● Problem description
This calls for a verbatim copy of all the data, with no images carried over.

*** Recorded information ***

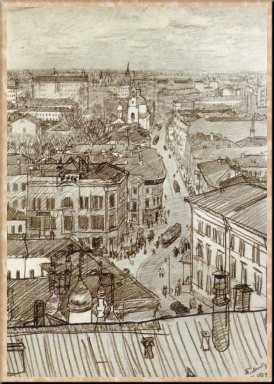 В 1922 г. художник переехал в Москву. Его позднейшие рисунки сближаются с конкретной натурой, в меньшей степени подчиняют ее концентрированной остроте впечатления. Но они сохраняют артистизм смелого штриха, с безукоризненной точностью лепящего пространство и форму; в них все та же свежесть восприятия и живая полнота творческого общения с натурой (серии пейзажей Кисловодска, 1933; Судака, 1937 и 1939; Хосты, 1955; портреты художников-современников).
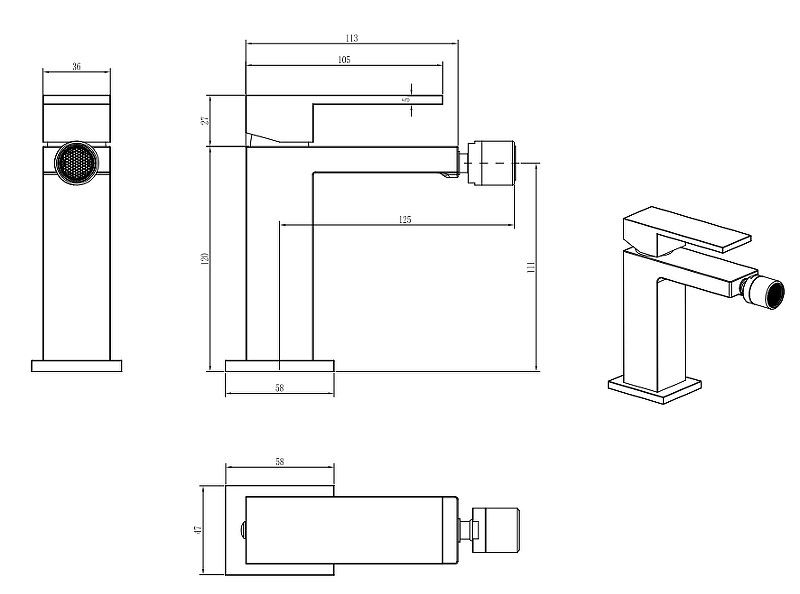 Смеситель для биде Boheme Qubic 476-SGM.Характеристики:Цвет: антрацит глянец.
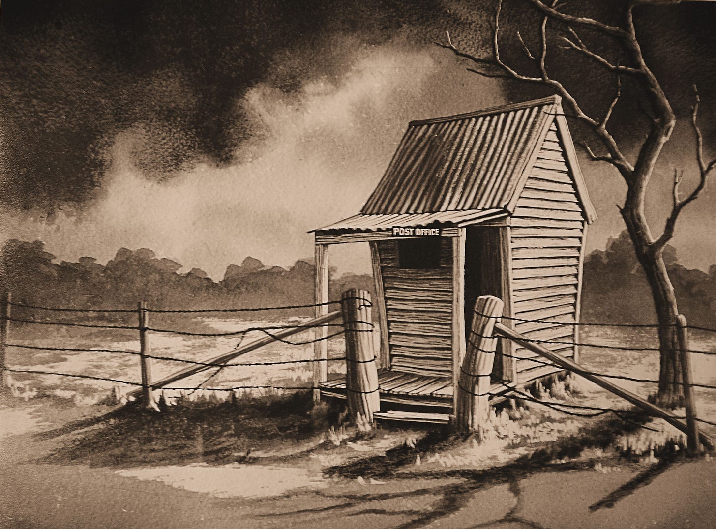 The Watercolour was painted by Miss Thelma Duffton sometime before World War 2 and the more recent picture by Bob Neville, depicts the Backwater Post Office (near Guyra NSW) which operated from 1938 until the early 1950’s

*** End of Recorded information ***

● Solution to this exercise
 В 1922 г. художник переехал в Москву. Его позднейшие рисунки сближаются с конкретной натурой, в меньшей степени подчиняют ее концентрированной остроте впечатления. Но они сохраняют артистизм смелого штриха, с безукоризненной точностью лепящего пространство и форму; в них все та же свежесть восприятия и живая полнота творческого общения с натурой (серии пейзажей Кисловодска, 1933; Судака, 1937 и 1939; Хосты, 1955; портреты художников-современников).
 Смеситель для биде Boheme Qubic 476-SGM.Характеристики:Цвет: антрацит глянец.
 The Watercolour was painted by Miss Thelma Duffton sometime before World War 2 and the more recent picture by Bob Neville, depicts the Backwater Post Office (near Guyra NSW) which operated from 1938 until the early 1950’s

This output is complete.